Tuesday 19 March 2013

Wine Relief, Parties and Juicing

Of course one is more than thrilled to get the call - being asked to do anything for Comic Relief is something one secretly covets even though one doesn’t like to broadcast. As I did the first one in 1988 and haven’t been asked back except to ‘man’ the phones I was particularly chuffed. A kissing sketch with Hugh Grant perhaps? A spoof ‘Come Dine with Me’ with Miranda?

In fact I was asked to do a wine tasting for guests of Welsh chef, Richard Tasty Davies, for Comic Relief’s Great British Menu. If I can’t do comic, then I might as well do wine.

If one digs deep, a keen viewer of GBM might conclude that my wine teachings tends to stay within the Sauvignon Blanc range – but SB does go with everything apart from, maybe, jumping and yoga. 

The Welsh lad did good.



Sky news still seems keen to invite me over on a Sunday to review the papers for Sunrise. They used to put the newspaper in the car, so at 5 a.m. I’d be making myself car sick trying to ear mark four stories for the first slot, so as not to get told off by a frantic producer and still have time to get my hair teased into order. A stray sticky up hair can get a make up girl the sack, since rogue hairs in the morning is their responsibility.

Alarm! Last Sunday there were no papers in car. I didn’t get car sick but certainly got somewhat focussed in the green room with Stuart Miles as we threw papers around in a disorderly fashion. When time is of the essence, I’m ashamed to admit I find it easier to pick an animal or gender item instead of relishing the latest international fiscal outrage with an opinion on top. A twitter man this week said I was dull dull dull. On the plus side I wasn’t drunk.
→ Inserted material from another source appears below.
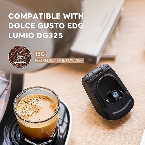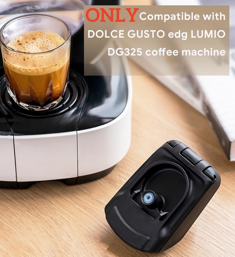 - ضع مسحوق القهوة المفضل لديك / كبسولات بينفوشين القابلة لإعادة الاستخدام في أداتنا القابلة لإعادة الاستخدام لموديلات دولتشي غوستو لوميو DG325، اختبار جديد ولكن استمتع بالفرق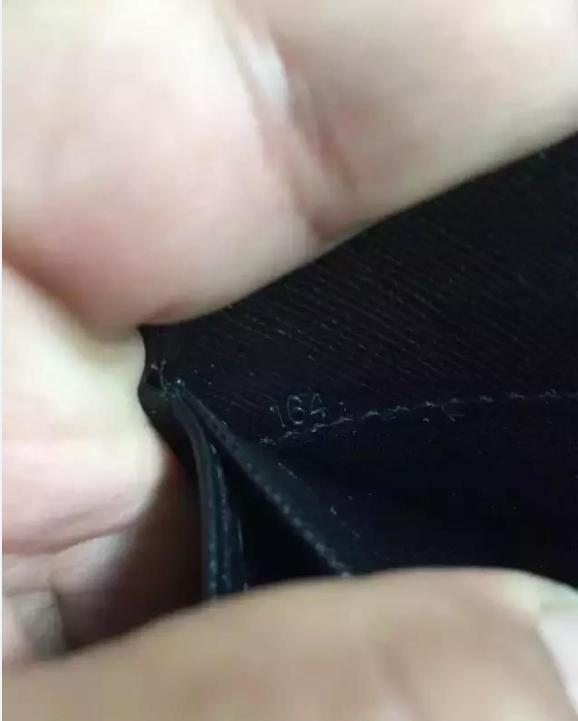 首先,代工代碼就是在Prada大包內襯布側面縫制的標,比如著名的殺手包就是在拉鏈小內袋里。而錢夾則是鋼印壓制,不是縫制標。

Here are Stuart and I trying to look very bright and intelligent and tidy. There have been complaints from other guests that there’s nowhere to sit when we’re on, as we like to cover every possible space with newspapers. This Sunday we made an effort. Gratis Sky canteen Marmite bagels help us achieve this.

Picture: Dave Benett


Obviously it’s my duty to attend as many literary parties as possible so I can catch book envy from the other smarty pants and finish writing my novel. I seem a bit loved up at the Costa, so I must have been hiding my envy quite well. Hilary Mantel won this. But when I went along to the David Cohen Book Trust award party, I found Hilary there as well! I was so overawed by the attendees of high brow literati, such as Eleanor Bron in a sling (bandage not type of sarong) and a Very smart literary agent in a cream lace dress and shiny shoes, that I hadn’t realised the reason Hilary was making a speech was because she’d won that award as well. Blimey. Let’s hope Hilary will be at the next party. In fact I won’t go unless she’s there.

Hugely rewarding five days spent at the Obsidian Retreat.  In fact, pouring quality juices down one’s neck and being enchanted by two lovely life coaches to die for and finding very kind people everywhere one looked was a mini miracle. I was all sad and blue when I arrived and then went home very slightly tanned and optimistic. I think one could call this a result. I actually lost 8 pounds (flesh not cash) How do they do this to people? You’ll have to go. It changed me and I’m a stubborn old git. I love the juices. Here's a pic of what we could have.



A good tip I learned is to be thankful. You can be thankful for your bed or your mobile phone or your curtains – no one minds. I’m thankful for this blog. And thank you for reading it.